The Bullock administration is looking at other options with the state lab or with an out-of-state lab to try to continue the community testing.
Meanwhile, only about a month remains before school starts and it’s still uncertain what will happen with schools. The Trump administration is insisting that schools open, but school boards are trying to determine what that will look like.
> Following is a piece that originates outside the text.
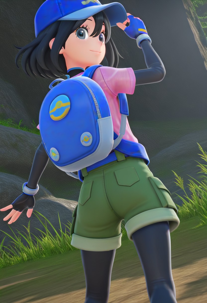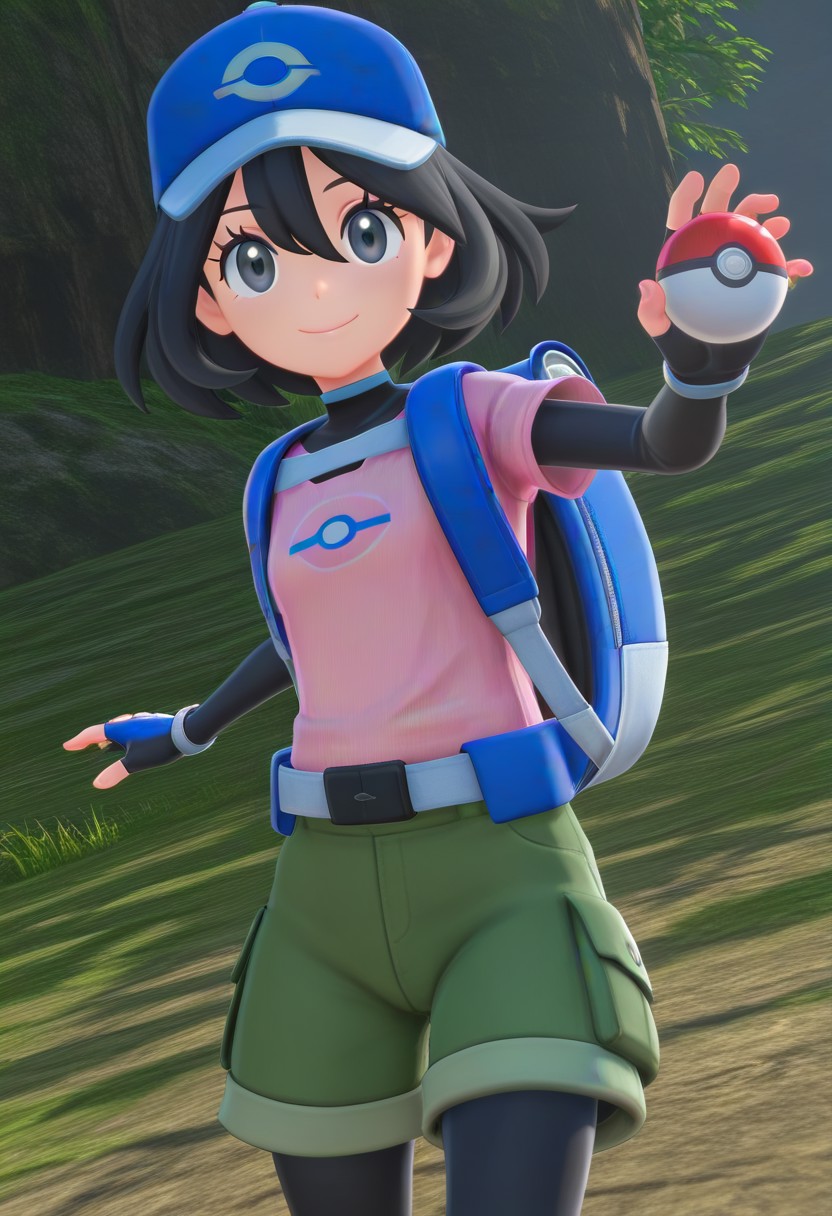 3d, 1 girl, black hair, short hair, hair between eyes, black eyes, eyelashes, blue cap, long-sleeve undershirt, pink t-shirt, blue backpack, green shorts, short shorts, black pantyhose, fingerless gloves, white and pink sneakers,poke ball

So $75 million from the CARES Act will be distributed to Montana’s K-12 schools to help them prepare to educate students for the first half of the school year in a safe manner. Among other things, the money can help provide addition transportation or hire additional staff. An additional amount based on per-student funding will go to private schools.
Masks will be encouraged in schools, Bullock said.
“There’s no reason this needs to be political because COVID-19 isn’t political,” Bullock said. “Coronavirus doesn’t care if you’re Republican, Democrat or Independent. It doesn’t care about theories or speculations or projections. It’s an unthinking parasite that can infect you either way ,and it relies on you to spread it to others. So this is about being a Montanan and being supportive of those around us.”